▸ **Exercise directions**
Find the line that holds "Lamentablemente, esto sigue" in the material below. Output that line and each one after it exactly, but not the pictures.

▸ **Given data**
***
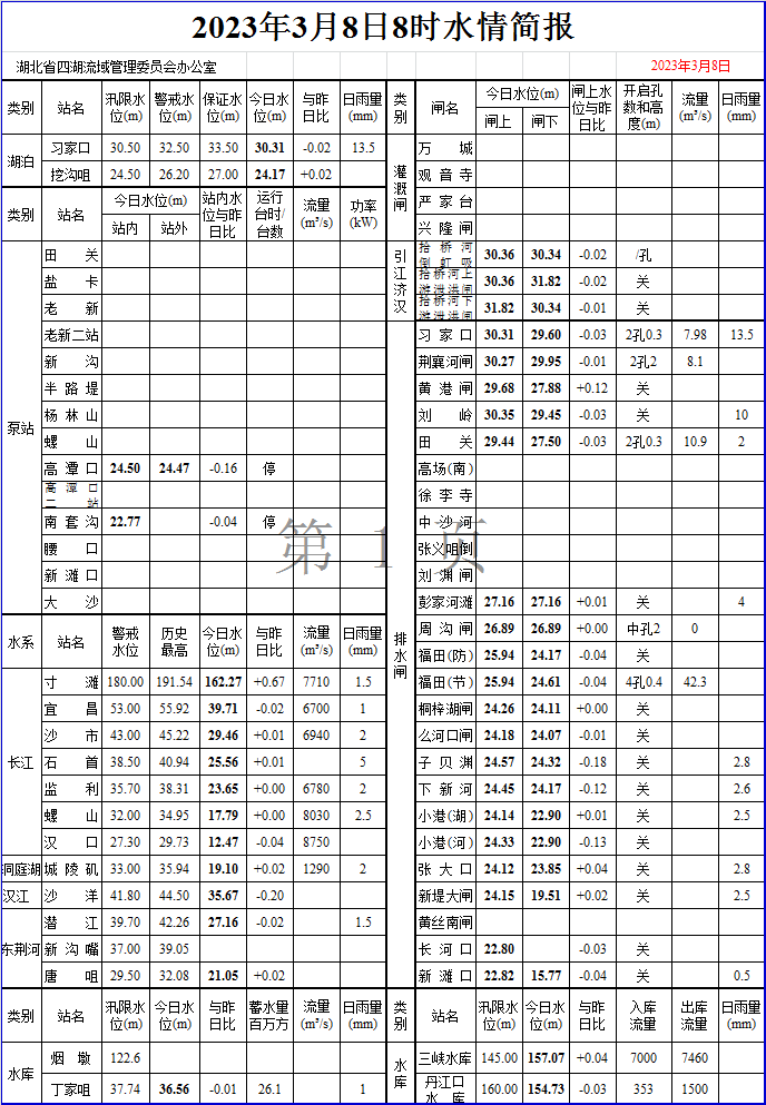 2023年3月8日8时水情简报
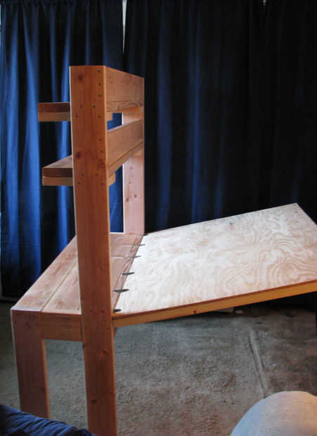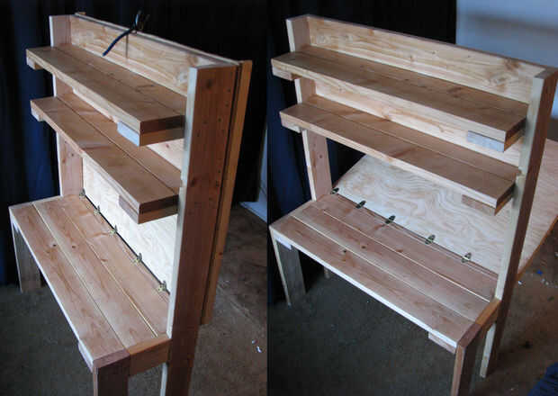 Lamentablemente, esto sigue siendo un trabajo en progreso. La espalda como usted ver aquí realmente falta su otra mitad, así como de las patas plegables que lo apoyará en la posición hacia abajo.
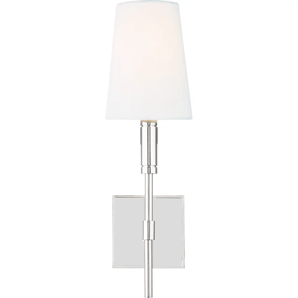 A striking light source for the home. Enhance a space with the Clifton Wall Sconce by Crystorama. Its sword-like base adds dramatic beauty to a wall and is crafted from steel for sturdy support, while the petite fabric drum shade delivers diffused illumination in an elegant way. A statement piece perfect for an entryway, living room or bedroom, this wall lamp is a chic addition to a transitional décor.
***
▸ **Expected output**
 Lamentablemente, esto sigue siendo un trabajo en progreso. La espalda como usted ver aquí realmente falta su otra mitad, así como de las patas plegables que lo apoyará en la posición hacia abajo.
 A striking light source for the home. Enhance a space with the Clifton Wall Sconce by Crystorama. Its sword-like base adds dramatic beauty to a wall and is crafted from steel for sturdy support, while the petite fabric drum shade delivers diffused illumination in an elegant way. A statement piece perfect for an entryway, living room or bedroom, this wall lamp is a chic addition to a transitional décor.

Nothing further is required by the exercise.